One of the things I have missed most in moving PDF content to HTML5 is the clipping functionality of the PDF.
In a PDF File you can set a clip which can be any irregular shape. Only content which is inside the clip is drawn the rest is not (it is simple). HTML5 has nothing like this which means we have to emulate it. Otherwise invisible content (such as crop marks or invisible lines) starts to appear.
This turned out to quite a complex task. Eliminating anything which is not in the clipped area was easy – the tricky bit is handling items which intersect with the clip (ie drawn so partly visible). Images can be clipped but shapes have to be altered. The hardest items to handle were images.

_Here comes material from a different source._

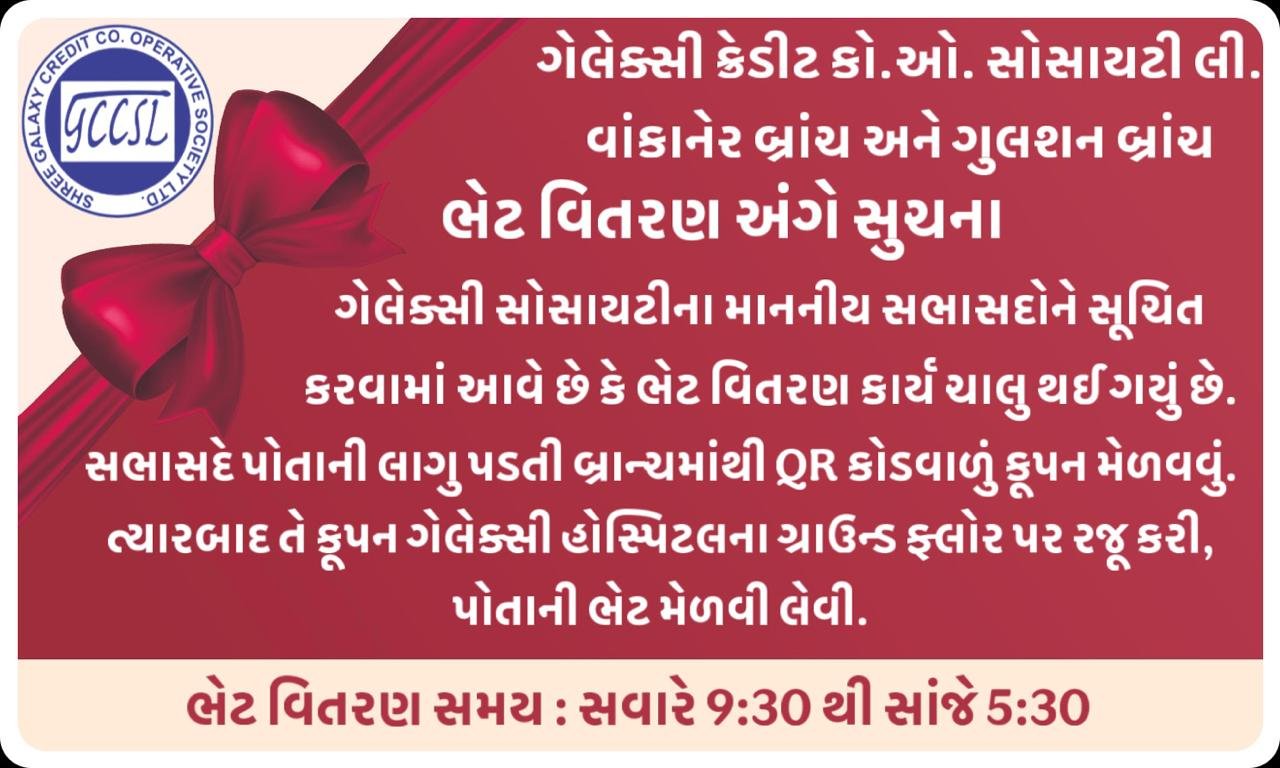 વાંકાનેરની ગેલેક્સી ક્રેડિટ કો. ઓ. સોસાયટી લી.ના સભાસદોને ભેટ વિતરણ અંગે સુચના….

In the PDF File format you can have a Stroked Shape (the outline), a Filled shape (colour in the shape) and both. So you have to workout how the shape interacts with the clip. For example if the clip was totally inside the shape, we could ignore it if it was a Stroke (ie an outline) but would need to fill in the clipped area if it was filled. We had to dig out our old Maths notes on trigonometry to calculate the points where the lines appear and disappear!
I am sure we will find some additional cases which we have not currently covered. So try the latest version and let us know what you think.
Did you know...
IDRsolutions offers a whole range of online file converters to convert PDF and Microsoft Excel, Word and Office Documents to HTML5, SVG or image formats?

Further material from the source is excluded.